--- DATASET EXCERPT ---
=== Begin Enclosure ===
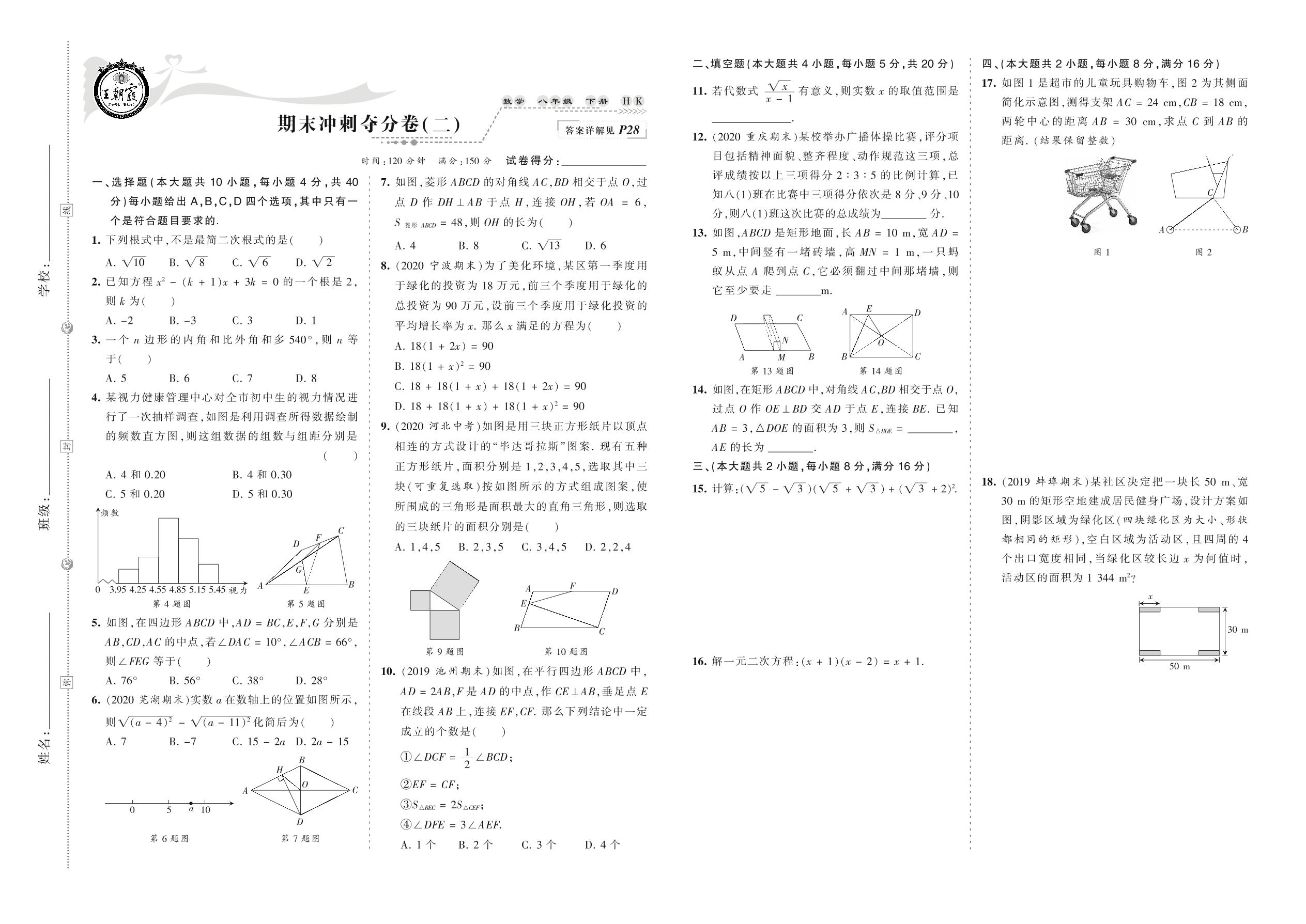 2021下册八年级数学沪科版 期末冲刺夺分卷(二)
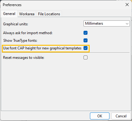 If you have started Template Editor from outside Tekla Structures from the Microsoft Windows Start menu, the option is controlled by the Template Editor preferences, and whether you have selected the User font CAP height for new graphical templates checkbox:
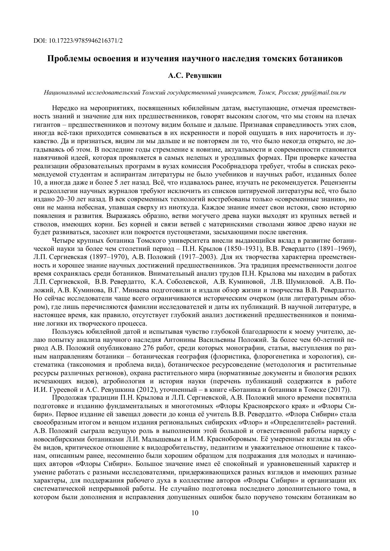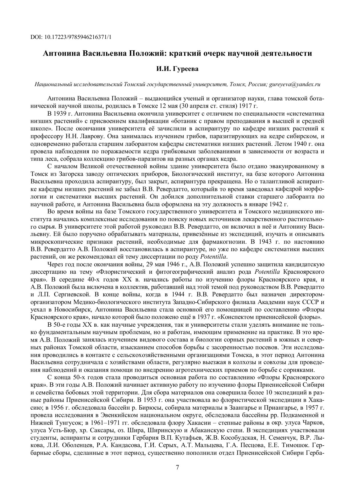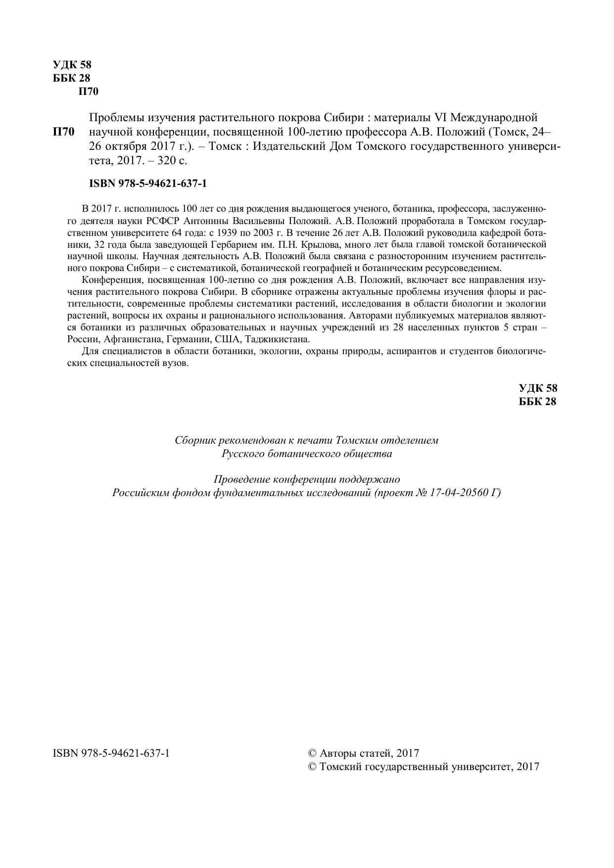 В 2017 г. исполнилось 100 лет со дня рождения выдающегося ученого, ботаника, профессора, заслуженного деятеля науки РСФСР Антонины Васильевны Положий. А.В. Положий проработала в Томском государственном университете 64 года: с 1939 по 2003 г. В течение 26 лет А.В. Положий руководила кафедрой ботаники, 32 года была заведующей Гербарием им. П.Н. Крылова, много лет была главой томской ботанической научной школы. Научная деятельность А.В. Положий была связана с разносторонним изучением растительного покрова Сибири – с систематикой, ботанической географией и ботаническим ресурсоведением. Конференция, посвященная 100-летию со дня рождения А.В. Положий, включает все направления изучения растительного покрова Сибири. В сборнике отражены актуальные проблемы изучения флоры и растительности, современные проблемы систематики растений, исследования в области биологии и экологии растений, вопросы их охраны и рационального использования. Авторами публикуемых материалов являются ботаники из различных образовательных и научных учреждений из 28 населенных пунктов 5 стран – России, Афганистана, Германии, США, Таджикистана. Для специалистов в области ботаники, экологии, охраны природы, аспирантов и студентов биологических специальностей вузов.
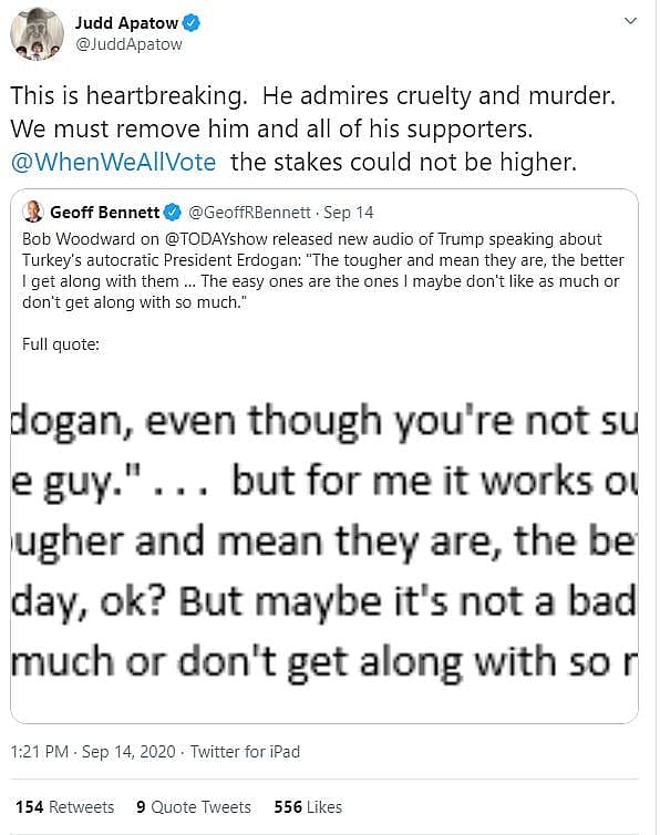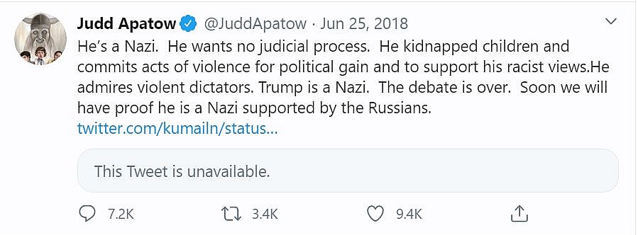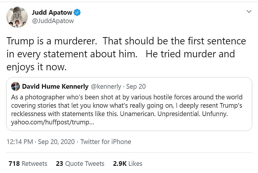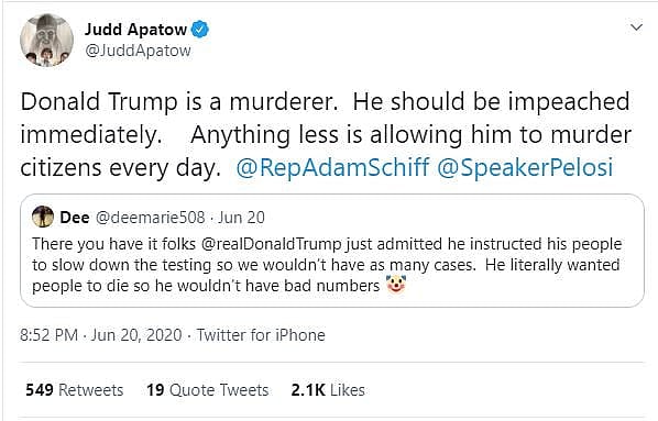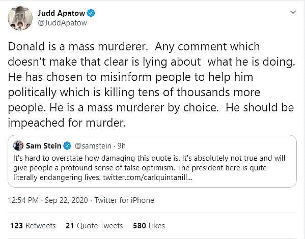 In June, Apatow wrote, “Donald Trump is a murderer. He should be impeached immediately. Anything less is allowing him to murder citizens every day.”
=== End Enclosure ===
--- YOUR GOAL ---
Set the listing down verbatim, excluding pictures.

--- RESPONSE FOR THIS EXERCISE ---
 2021下册八年级数学沪科版 期末冲刺夺分卷(二)
 If you have started Template Editor from outside Tekla Structures from the Microsoft Windows Start menu, the option is controlled by the Template Editor preferences, and whether you have selected the User font CAP height for new graphical templates checkbox:
 В 2017 г. исполнилось 100 лет со дня рождения выдающегося ученого, ботаника, профессора, заслуженного деятеля науки РСФСР Антонины Васильевны Положий. А.В. Положий проработала в Томском государственном университете 64 года: с 1939 по 2003 г. В течение 26 лет А.В. Положий руководила кафедрой ботаники, 32 года была заведующей Гербарием им. П.Н. Крылова, много лет была главой томской ботанической научной школы. Научная деятельность А.В. Положий была связана с разносторонним изучением растительного покрова Сибири – с систематикой, ботанической географией и ботаническим ресурсоведением. Конференция, посвященная 100-летию со дня рождения А.В. Положий, включает все направления изучения растительного покрова Сибири. В сборнике отражены актуальные проблемы изучения флоры и растительности, современные проблемы систематики растений, исследования в области биологии и экологии растений, вопросы их охраны и рационального использования. Авторами публикуемых материалов являются ботаники из различных образовательных и научных учреждений из 28 населенных пунктов 5 стран – России, Афганистана, Германии, США, Таджикистана. Для специалистов в области ботаники, экологии, охраны природы, аспирантов и студентов биологических специальностей вузов.
 In June, Apatow wrote, “Donald Trump is a murderer. He should be impeached immediately. Anything less is allowing him to murder citizens every day.”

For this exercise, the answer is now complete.